_RECORDED DATA_
--- START ---
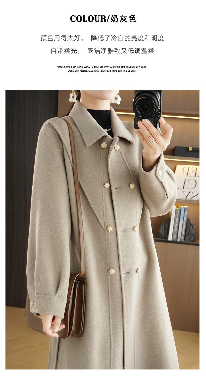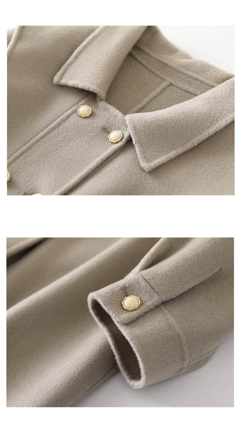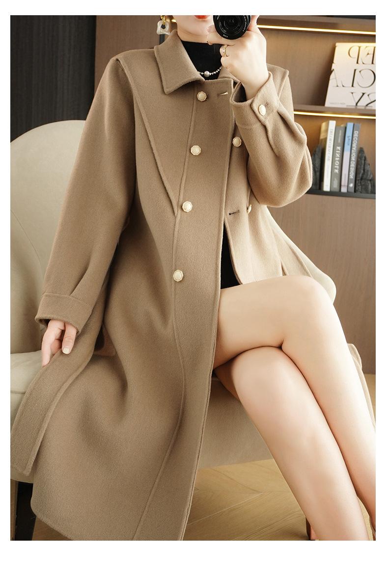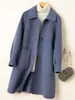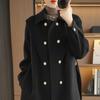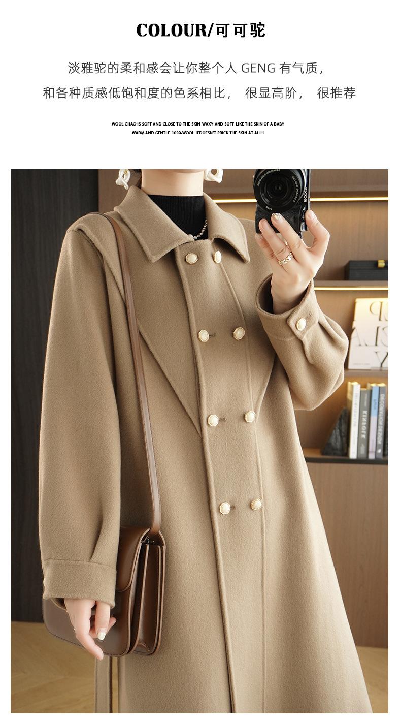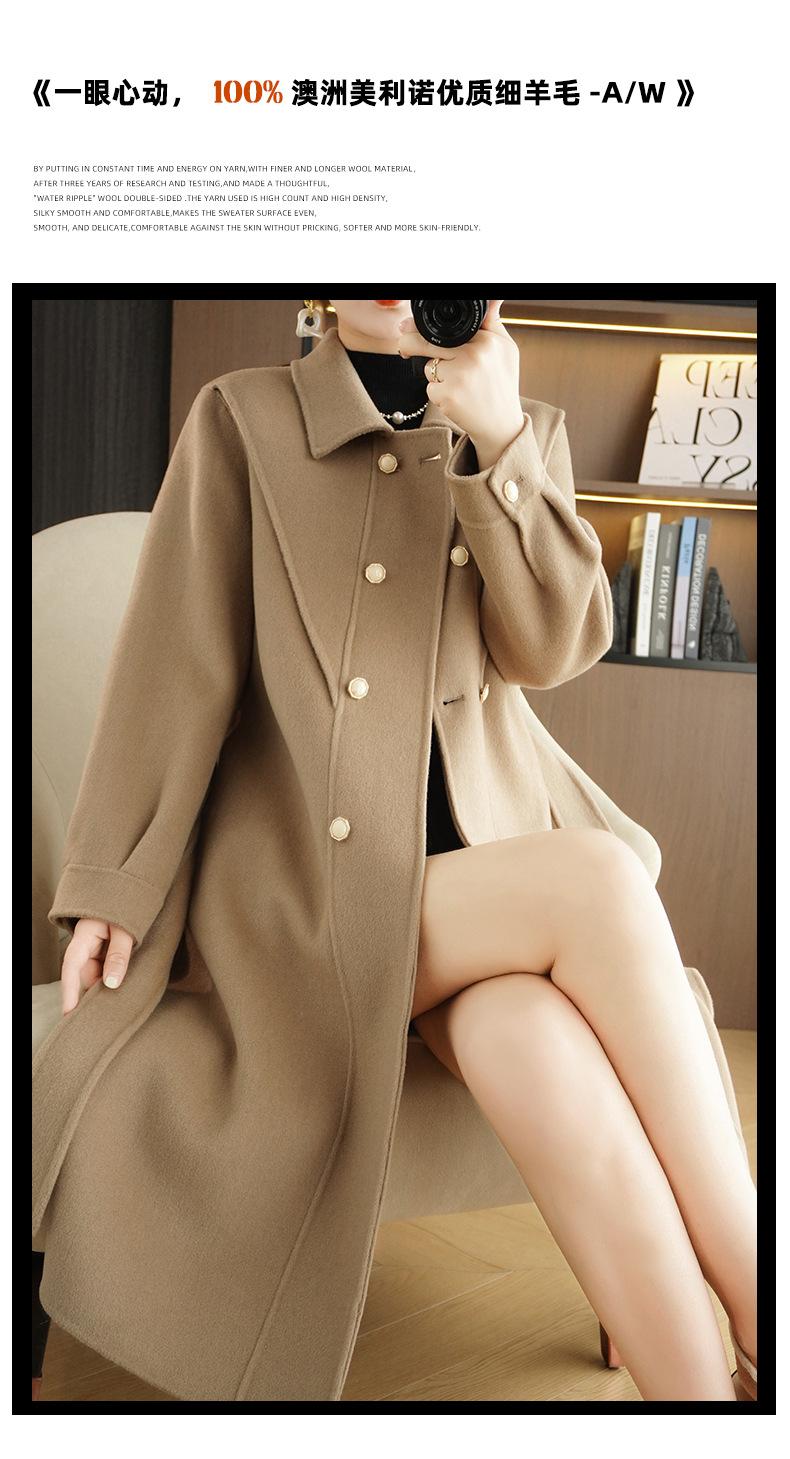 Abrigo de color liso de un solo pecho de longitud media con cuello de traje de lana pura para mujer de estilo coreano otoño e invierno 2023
--- END ---
--- START ---
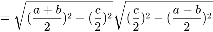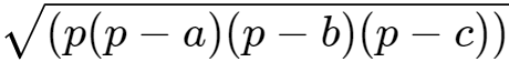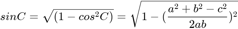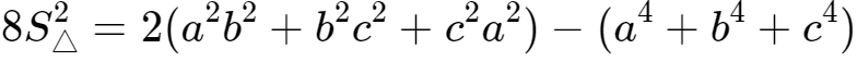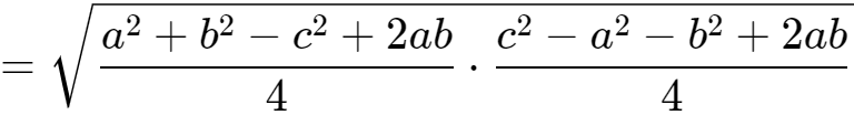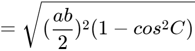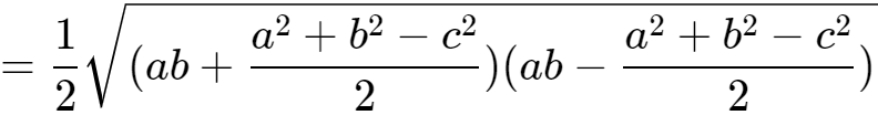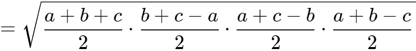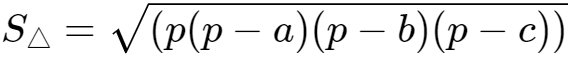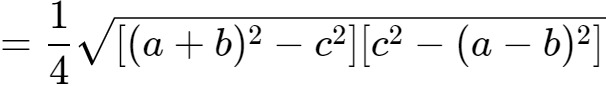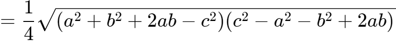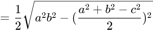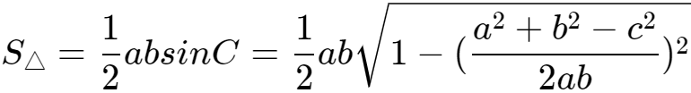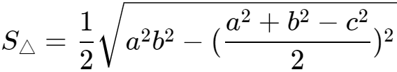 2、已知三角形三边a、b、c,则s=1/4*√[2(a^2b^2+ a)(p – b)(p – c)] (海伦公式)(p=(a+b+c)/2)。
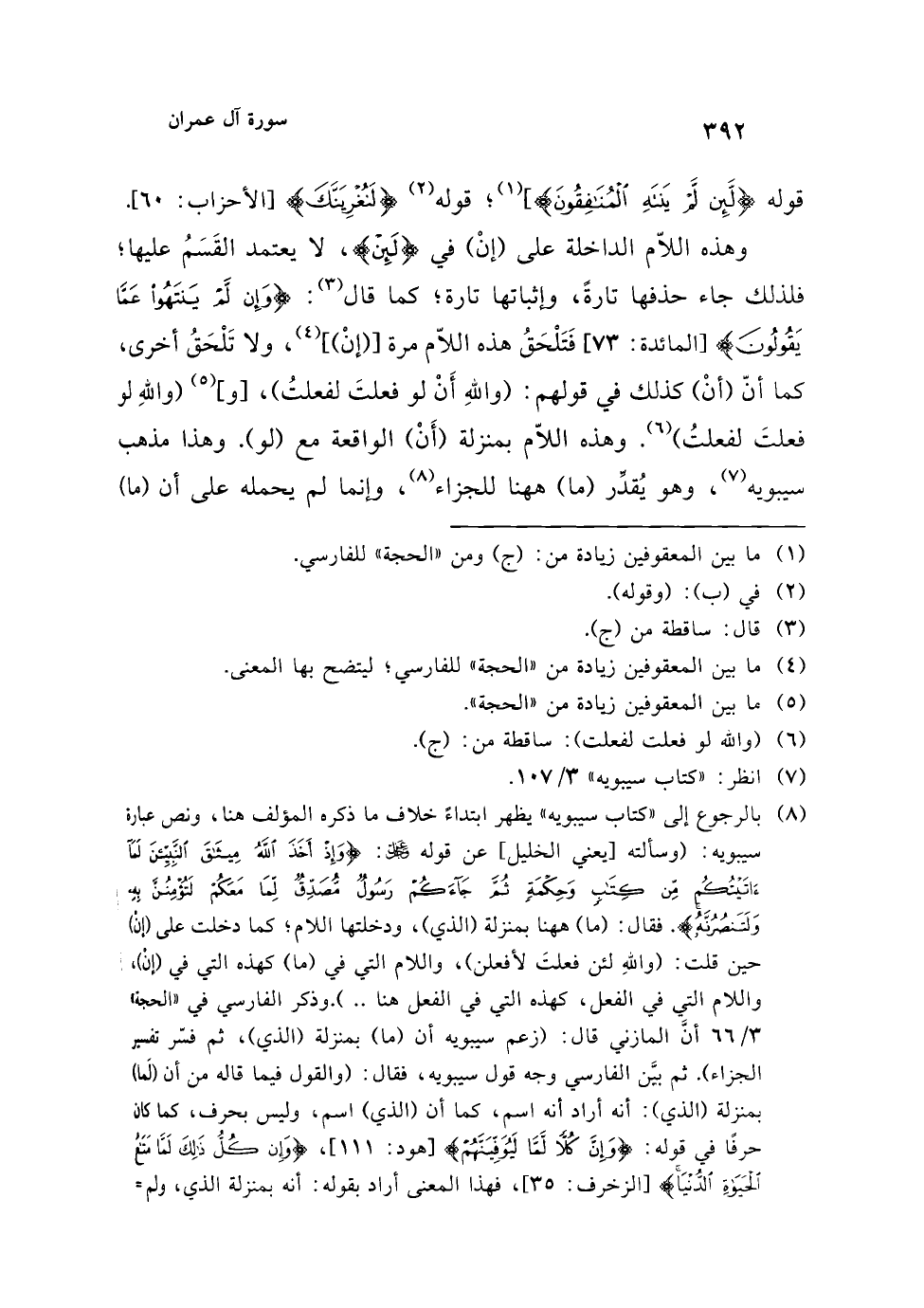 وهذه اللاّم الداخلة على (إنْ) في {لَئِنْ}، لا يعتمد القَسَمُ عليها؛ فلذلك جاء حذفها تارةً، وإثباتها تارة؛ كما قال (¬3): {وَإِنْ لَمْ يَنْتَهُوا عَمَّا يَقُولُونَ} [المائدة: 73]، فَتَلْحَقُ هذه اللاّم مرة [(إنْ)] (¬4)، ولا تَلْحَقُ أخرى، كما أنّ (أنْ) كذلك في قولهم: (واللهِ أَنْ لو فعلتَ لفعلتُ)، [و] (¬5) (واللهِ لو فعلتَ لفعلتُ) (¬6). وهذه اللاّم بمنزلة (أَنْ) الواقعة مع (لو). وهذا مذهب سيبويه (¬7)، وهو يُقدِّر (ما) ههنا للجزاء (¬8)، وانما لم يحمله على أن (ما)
--- END ---
_WHAT YOU SHOULD DO_
Only the lines above starting with the line with "2、已知三角形三边a、b、c,则s=1/4*√[2(a^2b^2+ a)(p –" and going on through the line with "وهذه اللاّم الداخلة" belong in the answer; repeat them exactly, minus any picture.

_SOLUTION TO THIS EXERCISE_
 2、已知三角形三边a、b、c,则s=1/4*√[2(a^2b^2+ a)(p – b)(p – c)] (海伦公式)(p=(a+b+c)/2)。
 وهذه اللاّم الداخلة على (إنْ) في {لَئِنْ}، لا يعتمد القَسَمُ عليها؛ فلذلك جاء حذفها تارةً، وإثباتها تارة؛ كما قال (¬3): {وَإِنْ لَمْ يَنْتَهُوا عَمَّا يَقُولُونَ} [المائدة: 73]، فَتَلْحَقُ هذه اللاّم مرة [(إنْ)] (¬4)، ولا تَلْحَقُ أخرى، كما أنّ (أنْ) كذلك في قولهم: (واللهِ أَنْ لو فعلتَ لفعلتُ)، [و] (¬5) (واللهِ لو فعلتَ لفعلتُ) (¬6). وهذه اللاّم بمنزلة (أَنْ) الواقعة مع (لو). وهذا مذهب سيبويه (¬7)، وهو يُقدِّر (ما) ههنا للجزاء (¬8)، وانما لم يحمله على أن (ما)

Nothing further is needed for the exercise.